_TASK REQUIREMENTS_. Without altering a word, return the records below, but exclude the pictures.
Start of Block
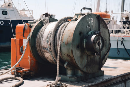 Anchor winch with sturdy chain on a voyage boat, ensuring stability and security
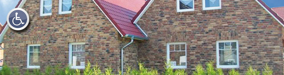 Raum-Aufteilung des Ferien-Hauses:2 Bäder: 1x im Erdgeschoss mit Dusche, WC (rollstuhlgeeignet), unterfahrbarer Waschtisch mit ausziehbarer Brause und Kippspiegel. Im Obergeschoss mit Dusche und WC.3 Schlafzimmer: 1 x im Erdgeschoss mit Doppelbett, 1 x im Obergeschoss mit Doppelbett und kleiner Sitzecke für 2 Personen, ebenso ein weiteres Einzelbett mit Auszug und noch eine zusätzliche kleine Sitzecke für 2 Personen.Maximale Belegung: 6 Personen + Kleinkind (Reisebett).Stufenloser Zugang zum Haus und zur Terrasse, allgemeine Türbreite 100 cm im EG. Im Erdgeschoss überall viel Freiraum zum Drehen des Rollstuhls.
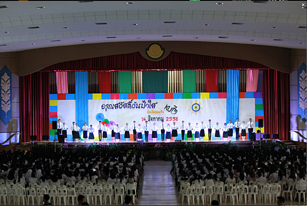 在14日举行的开学典礼上,两名志愿者教师作为教师成员,为学生佩戴校徽。梁叶、莫贵莹还在分校副校长Aanchasa博士安排下,参加了15日举行的色军分校20周年庆典,并拜会了分校领导及老师。
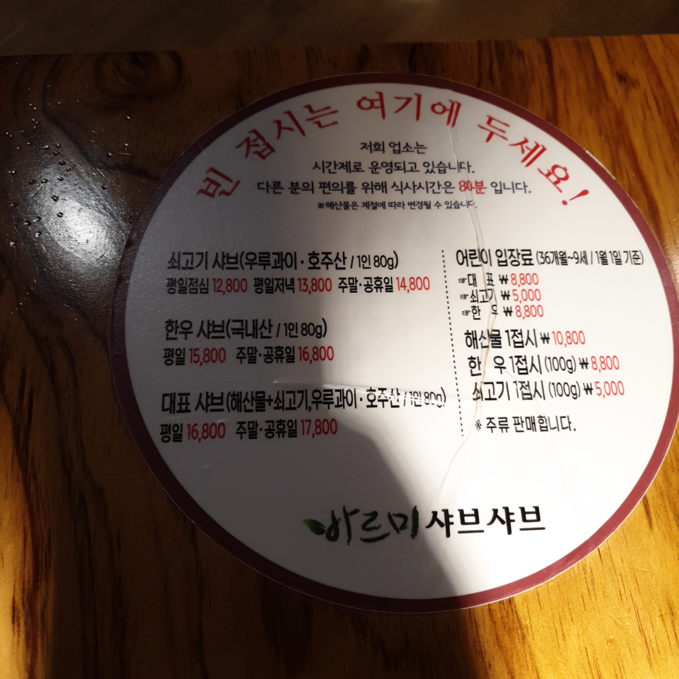 저는 평일 저녁에 가서 쇠고기샤브 2인 먹었습니다.
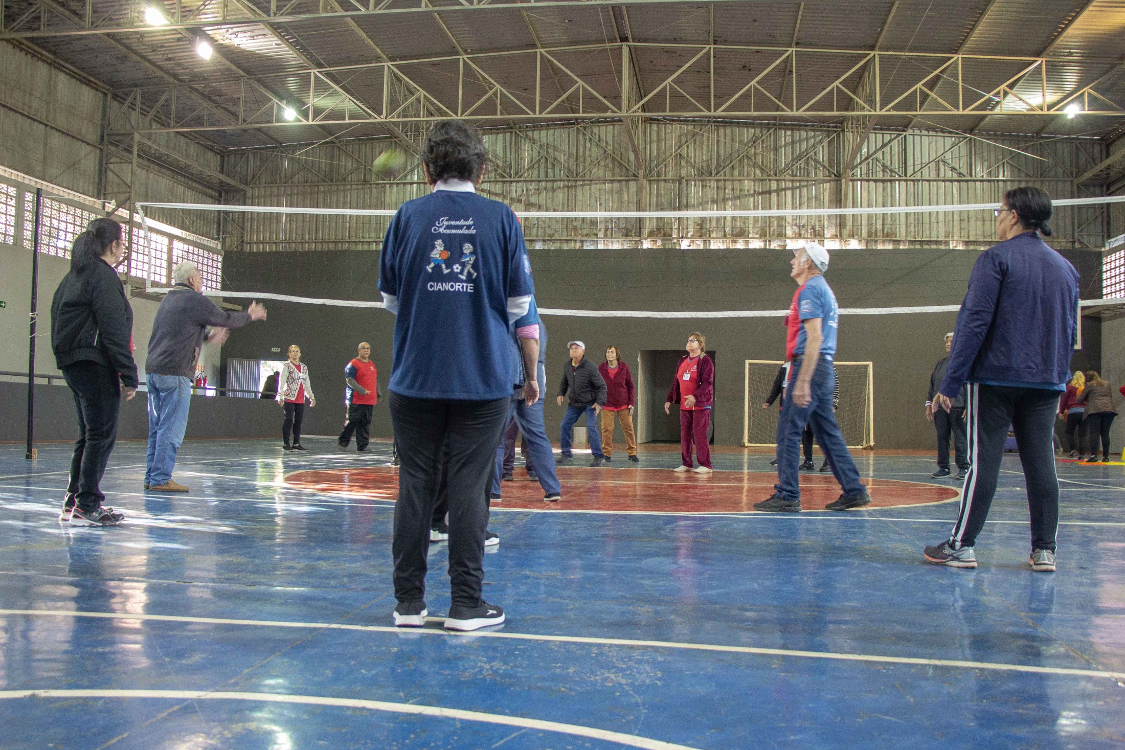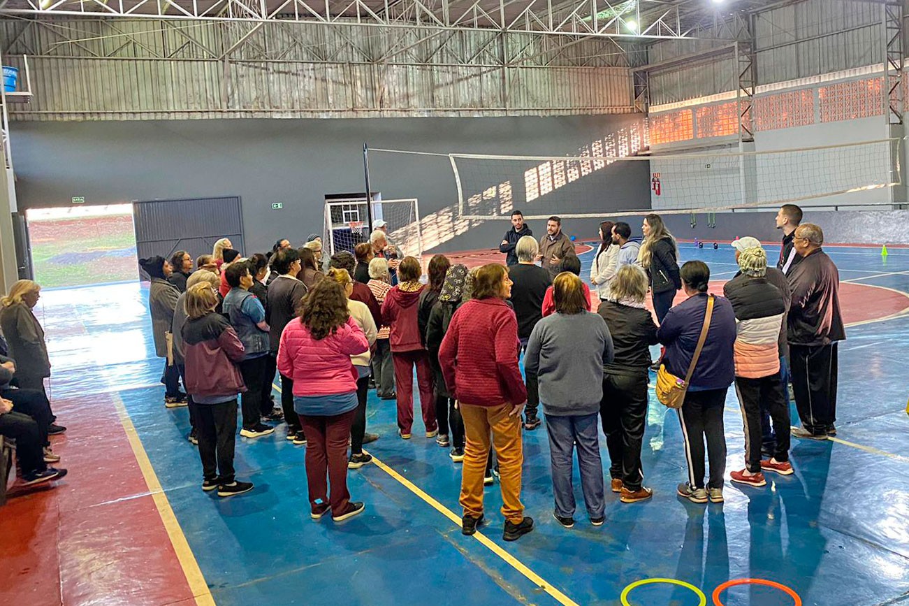 O Complexo Desportivo Vereador Benedito Rotta (Vila 7) passou por obras de revitalização. O espaço, utilizado por praticantes de futsal, basquete, vôlei e dança, recebeu, nesta terça-feira (20), pela primeira vez, o novo grupo do Juventude Acumulada. Os idosos puderam desfrutar das benfeitorias, enquanto praticavam atividades físicas.
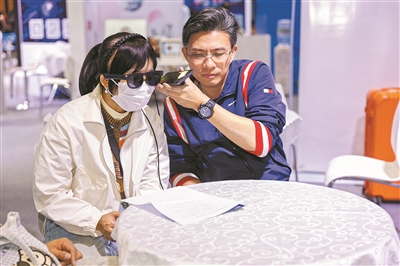 市民体验AI智能助盲眼镜。 广州日报全媒体记者李波摄
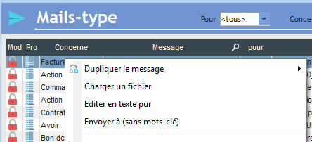 • Les messages-type intégrés, utilisés par Gestan pour les opérations “standard”, comme par exemple l'envoi d'une facture ou d'une fiche d'intervention. Vous pouvez les modifier, mais pas les supprimer (cadenas rouge).
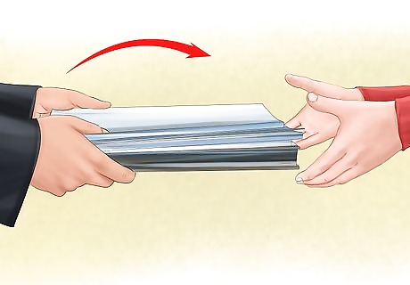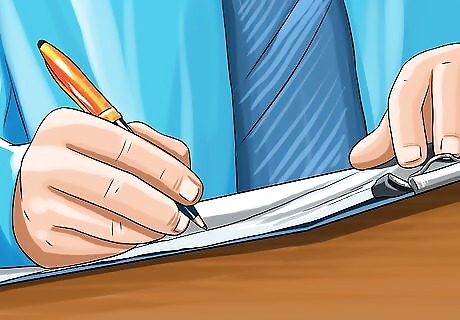 Sign your affidavit. Typically an affidavit must be signed in the presence of a notary public. The notary verifies your identity and serves as a witness to the signing of the affidavit, but they don't have to read the affidavit or know any of the details of your situation. A notary public typically is available at the courthouse for a small fee. You also may be able to find a notary public at your bank, since they often offer notary services free of charge to their customers. In some courts, you may sign your affidavit in front of the clerk rather than seeking out an independent notary public. After you've signed your affidavit and had it notarized, make at least one copy of it for your records. Depending on the court's rules, the clerk may want additional copies from you. The clerk can make copies, but typically you'll be charged a fee per page.
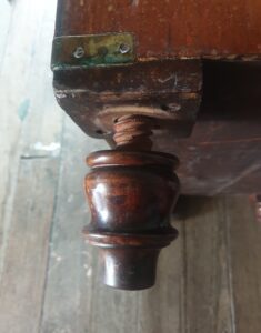 A fine & scarce English made mahogany campaign chest of drawers, made in two parts with brass bindings & iron carrying handles, for travel. Terrific colour, iron locating pins & original threaded feet, removeable for travel. The whole of nice compact size. With the original card delivery / retailer’s label for Isaac Allen, upholsterer of 15 Gt Norwood St Cheltenham. The Allen family of London were the longest running campaign kit makers, in business from c1790 to WW1. This is typical of their work, & interesting for the retailer’s link. 95cm H x 91cm W x 46cm D.
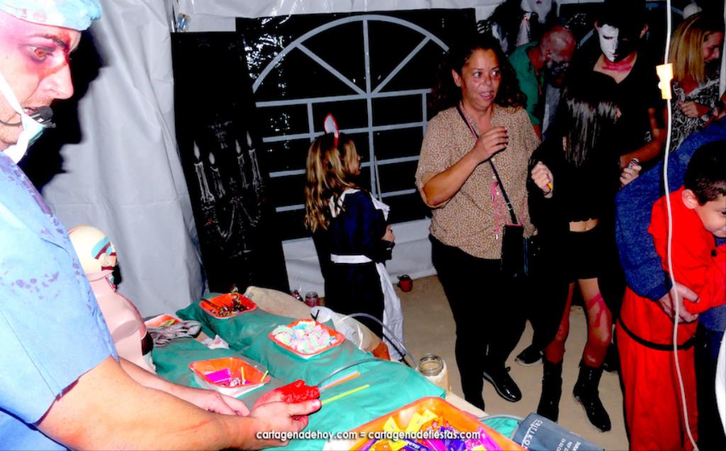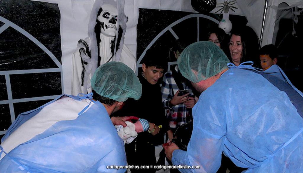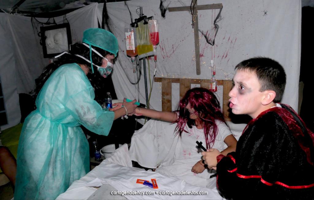 En la galería de fotos adjunta a este artículo ofrecemos una secuencia de grupos esperando acceder, la entrada, el paso por las salas del hospital y el cementerio exterior, además de brujas, fantasmas y otros 'bellos' anfitriones.
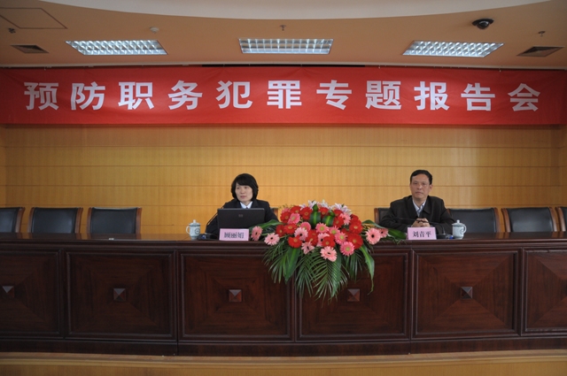 为全面贯彻落实党中央确定的"打防结合,标本兼治,重在治本"的方针和最高人民检察院《关于进一步加强预防职务犯罪工作的决定》,促进我院与鼓楼检察院的"校检共建"活动,进一步开展党风廉政教育,11月23日下午,我院在教科研楼511报告厅举行了预防职务犯罪专题报告会。鼓楼区检察院反贪局副局长顾丽娟应邀作了题为"当前高校职务犯罪形势及预防措施"的主题报告。副院长王仁雷,院长助理施忠出席报告会。全体中层干部,组织、人事、财务、教务、资产、后勤等部门的科长参加了会议。报告会由纪委书记刘青平同志主持。
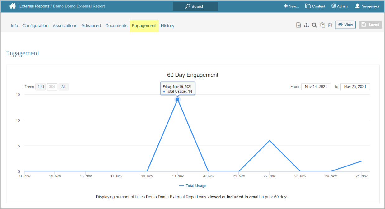 The chart shows total Engagement with the element from all users in the system within the last 60 days. Engagement = Views from Element Viewers on desktop + Views from Element Viewers on MI mobile apps + number of times this Element has been distributed.
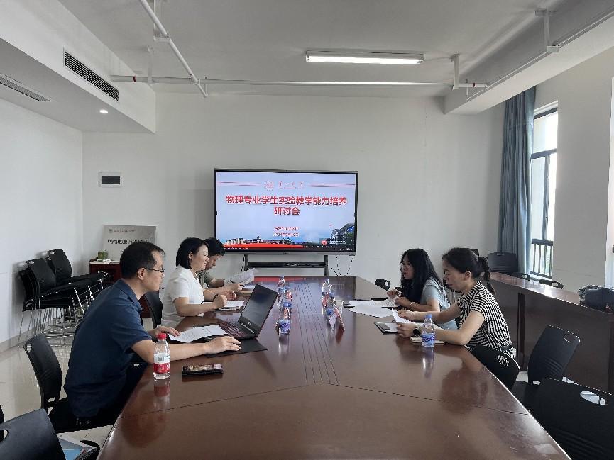 物理学专业学生实验教学能力研讨会在百熙楼1013召开。长沙市雅礼外国语学校肖益玲教师、雅礼实验中学文姣老师应邀出席,学院院长许兰、副院长邹立军、中学物理实验与创新课程负责人艾振宙出席,会议由院长许兰主持。
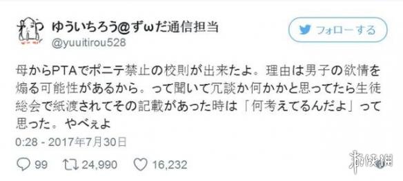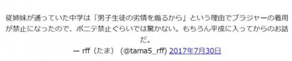 有网友也表示自己堂姐妹就读的初中不让女生穿胸罩,因为会挑拨男生的情欲,因此对于禁止扎马尾已经不再感到惊讶了。事实上,PTA在2016年也下过禁止小学生穿过膝长袜的规定,理由是希望防止痴汉对小学生下手。
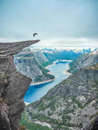 Ο νεαρός σκαρφάλωσε στην άκρη ενός βράχου που έχει ονομαστεί Trolltunga- «γλώσσα του νάνου»- στη Νορβηγία και έκανε και τούμπα στον αέρα.
End of Block
_SOLVED PROBLEM_.
 Anchor winch with sturdy chain on a voyage boat, ensuring stability and security
 Raum-Aufteilung des Ferien-Hauses:2 Bäder: 1x im Erdgeschoss mit Dusche, WC (rollstuhlgeeignet), unterfahrbarer Waschtisch mit ausziehbarer Brause und Kippspiegel. Im Obergeschoss mit Dusche und WC.3 Schlafzimmer: 1 x im Erdgeschoss mit Doppelbett, 1 x im Obergeschoss mit Doppelbett und kleiner Sitzecke für 2 Personen, ebenso ein weiteres Einzelbett mit Auszug und noch eine zusätzliche kleine Sitzecke für 2 Personen.Maximale Belegung: 6 Personen + Kleinkind (Reisebett).Stufenloser Zugang zum Haus und zur Terrasse, allgemeine Türbreite 100 cm im EG. Im Erdgeschoss überall viel Freiraum zum Drehen des Rollstuhls.
 在14日举行的开学典礼上,两名志愿者教师作为教师成员,为学生佩戴校徽。梁叶、莫贵莹还在分校副校长Aanchasa博士安排下,参加了15日举行的色军分校20周年庆典,并拜会了分校领导及老师。
 저는 평일 저녁에 가서 쇠고기샤브 2인 먹었습니다.
 O Complexo Desportivo Vereador Benedito Rotta (Vila 7) passou por obras de revitalização. O espaço, utilizado por praticantes de futsal, basquete, vôlei e dança, recebeu, nesta terça-feira (20), pela primeira vez, o novo grupo do Juventude Acumulada. Os idosos puderam desfrutar das benfeitorias, enquanto praticavam atividades físicas.
 市民体验AI智能助盲眼镜。 广州日报全媒体记者李波摄
 • Les messages-type intégrés, utilisés par Gestan pour les opérations “standard”, comme par exemple l'envoi d'une facture ou d'une fiche d'intervention. Vous pouvez les modifier, mais pas les supprimer (cadenas rouge).
 Sign your affidavit. Typically an affidavit must be signed in the presence of a notary public. The notary verifies your identity and serves as a witness to the signing of the affidavit, but they don't have to read the affidavit or know any of the details of your situation. A notary public typically is available at the courthouse for a small fee. You also may be able to find a notary public at your bank, since they often offer notary services free of charge to their customers. In some courts, you may sign your affidavit in front of the clerk rather than seeking out an independent notary public. After you've signed your affidavit and had it notarized, make at least one copy of it for your records. Depending on the court's rules, the clerk may want additional copies from you. The clerk can make copies, but typically you'll be charged a fee per page.
 A fine & scarce English made mahogany campaign chest of drawers, made in two parts with brass bindings & iron carrying handles, for travel. Terrific colour, iron locating pins & original threaded feet, removeable for travel. The whole of nice compact size. With the original card delivery / retailer’s label for Isaac Allen, upholsterer of 15 Gt Norwood St Cheltenham. The Allen family of London were the longest running campaign kit makers, in business from c1790 to WW1. This is typical of their work, & interesting for the retailer’s link. 95cm H x 91cm W x 46cm D.
 En la galería de fotos adjunta a este artículo ofrecemos una secuencia de grupos esperando acceder, la entrada, el paso por las salas del hospital y el cementerio exterior, además de brujas, fantasmas y otros 'bellos' anfitriones.
 为全面贯彻落实党中央确定的"打防结合,标本兼治,重在治本"的方针和最高人民检察院《关于进一步加强预防职务犯罪工作的决定》,促进我院与鼓楼检察院的"校检共建"活动,进一步开展党风廉政教育,11月23日下午,我院在教科研楼511报告厅举行了预防职务犯罪专题报告会。鼓楼区检察院反贪局副局长顾丽娟应邀作了题为"当前高校职务犯罪形势及预防措施"的主题报告。副院长王仁雷,院长助理施忠出席报告会。全体中层干部,组织、人事、财务、教务、资产、后勤等部门的科长参加了会议。报告会由纪委书记刘青平同志主持。
 The chart shows total Engagement with the element from all users in the system within the last 60 days. Engagement = Views from Element Viewers on desktop + Views from Element Viewers on MI mobile apps + number of times this Element has been distributed.
 物理学专业学生实验教学能力研讨会在百熙楼1013召开。长沙市雅礼外国语学校肖益玲教师、雅礼实验中学文姣老师应邀出席,学院院长许兰、副院长邹立军、中学物理实验与创新课程负责人艾振宙出席,会议由院长许兰主持。
 有网友也表示自己堂姐妹就读的初中不让女生穿胸罩,因为会挑拨男生的情欲,因此对于禁止扎马尾已经不再感到惊讶了。事实上,PTA在2016年也下过禁止小学生穿过膝长袜的规定,理由是希望防止痴汉对小学生下手。
 Ο νεαρός σκαρφάλωσε στην άκρη ενός βράχου που έχει ονομαστεί Trolltunga- «γλώσσα του νάνου»- στη Νορβηγία και έκανε και τούμπα στον αέρα.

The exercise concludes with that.